Goodwill and Other Intangible Assets
The Company accounted for the Nu Aire acquisition as a business combination using the acquisition method of accounting in accordance with ASC 805, Business Combinations . The purchase price was allocated to the assets acquired and liabilities assumed based on the estimated fair values at the date of acquisition. The excess of the purchase price over the fair value of the net assets was allocated to goodwill. The fair value of intangible assets acquired were valued using the income approach. A cost approach was applied for property, plant and equipment. In many cases, the determination of fair values required estimates about discount rates, future expected cash flows and other future events that are judgmental and subject to change. Intangible assets and property, plant and equipment will be amortized or depreciated on a straight-line basis over the relevant estimated useful life. The Company will conduct its impairment analysis annually, or more frequently if the Company determines potential indicators of impairment exist.
RESULTS OF OPERATIONS
Sales for fiscal year 2025 were $240.5 million, an increase compared to fiscal year 2024 sales of $203.8 million. Domestic Segment sales for fiscal year 2025 were $179.4 million, an increase of 30.7% compared to fiscal year 2024 sales of $137.2 million. The increase in Domestic sales was predominantly related to the acquisition of Nu Aire on November 1, 2024. International Segment sales for fiscal year 2025 were $61.1 million, a decrease of 8.2% from fiscal year 2024 sales of $66.5 million. International sales decreased when compared to the prior year period due to customer site delays in India which pushed out the timing of deliveries.

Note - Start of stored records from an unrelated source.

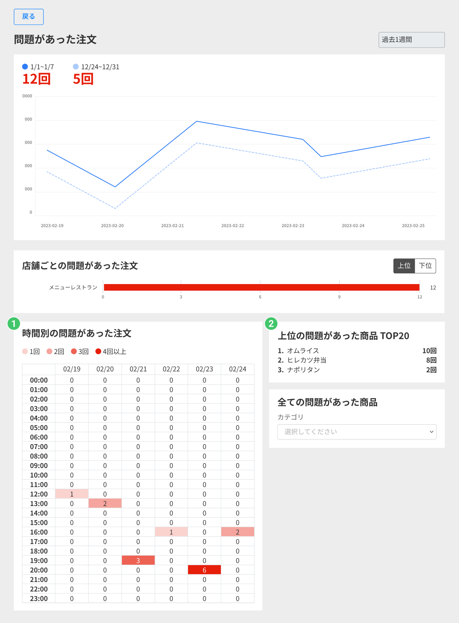 選択した期間内の総注文件数の内、問題があった注文件数と割合が表示されます。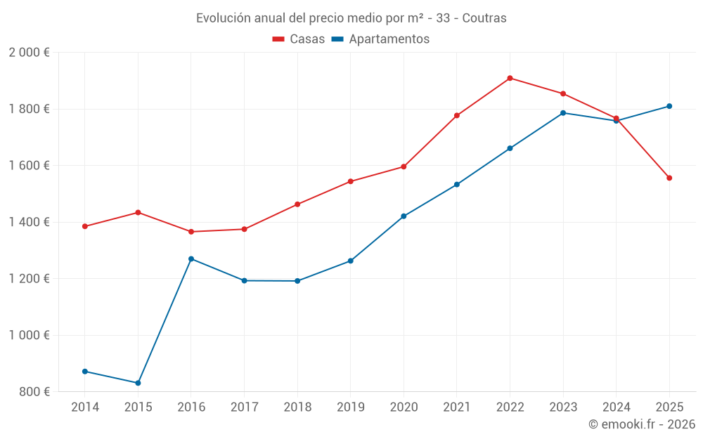 El precio mediano en las 37 transacciones de apartamentos de los últimos 24 meses en la comuna de Coutras fue de 1 716 € por metro cuadrado para un valor patrimonial medio de 81 300 €. Durante este período el 60% de las transacciones estuvieron entre 1 517 y 1 914 € por metro cuadrado (del 2º al 8º decil).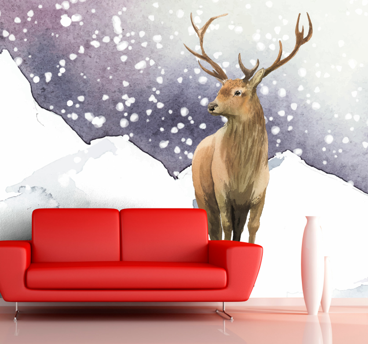 Plongez dans un univers enchanteur avec notre tapisserie animaux scène de cerfs majestueux. Ce design captivant, où un cerf majestueux se dresse fièrement dans un paysage hivernal, évoque la sérénité des montagnes recouvertes de neige. L'aquarelle délicate met en valeur la faune sauvage, créant une atmosphère apaisante et inspirante pour votre intérieur.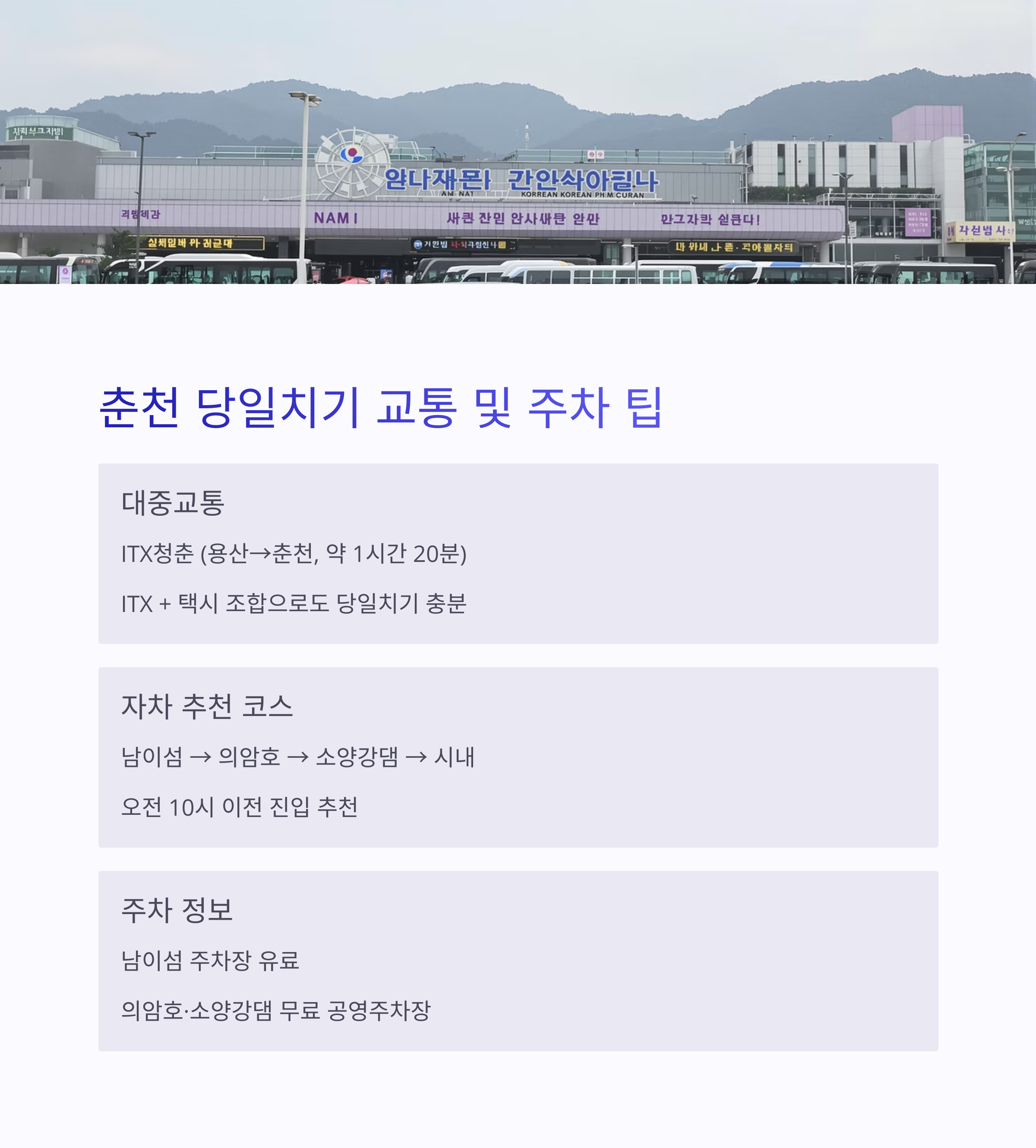 춘천 당일치기 교통 및 주차 팁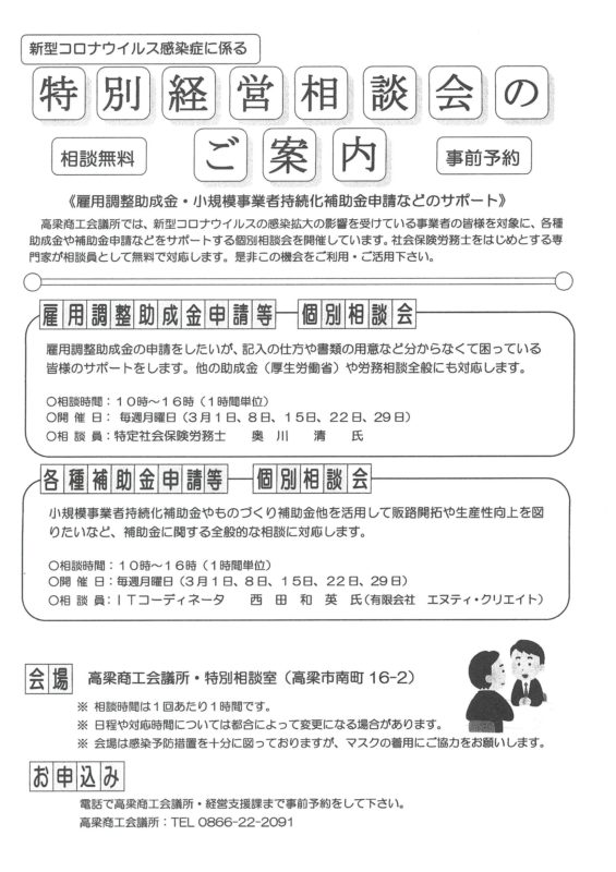 ◇雇用調整助成金 ◇各種補助金個別相談会(3月)のご案内(商工会議所)

Our order backlog was $214.6 million at April 30, 2025, as compared to $155.6 million at April 30, 2024.
Gross profit represented 28.6% and 25.5% of sales in fiscal years 2025 and 2024, respectively. The increase in gross profit margin percentage is primarily attributable to our Domestic operations. The acquisition of Nu Aire on November 1, 2024, combined with improved manufacturing productivity and effective cost-containment measures, contributed significantly to this improvement.
Operating expenses were $51.1 million and $33.8 million in fiscal years 2025 and 2024, respectively, and 21.2% and 16.6% of sales, respectively. The increase in operating expenses in fiscal year 2025 as compared to fiscal year 2024 was largely attributable to our acquisition of Nu Aire. Other significant factors were increases in professional and consulting fees of $2,097,000, increases in SG&A wages of $1,443,000 and an increase in international operating expenses of $1,412,000. The increases in consulting and professional fees for the year were primarily attributed to costs associated with the acquisition and integration of Nu Aire and costs incurred related to Sarbanes-Oxley 404(b) compliance readiness.
Pension expense was $0 and $4,177,000 in fiscal years 2025 and 2024, respectively. The decrease in pension expense was due to the Company successfully annuitizing its pension obligation during fiscal year 2024, which had been in a frozen state since 2005. Terminating the pension resulted in a one-time expense during the prior fiscal year of $4,019,000 for accounting losses that were being amortized from the Balance Sheet based on an annual evaluation of the pension plan. By annuitizing the pension obligation, the Company eliminated all future responsibility for the plan and future administrative costs associated with maintaining and managing the pension plan.
Other income, net was $240,000 and $814,000 in fiscal years 2025 and 2024, respectively. The decrease in other income in fiscal year 2025 was primarily due to lower interest earned on international cash balances and the acceleration of deferred financing costs related to the payoff of the Company's Mid Cap Revolving Credit Facility, partially offset by higher interest earned on increased domestic cash balances.
Interest expense was $3,214,000 and $1,799,000 in fiscal years 2025 and 2024, respectively. The increase in interest expense for fiscal year 2025 was primarily due to elevated borrowing levels.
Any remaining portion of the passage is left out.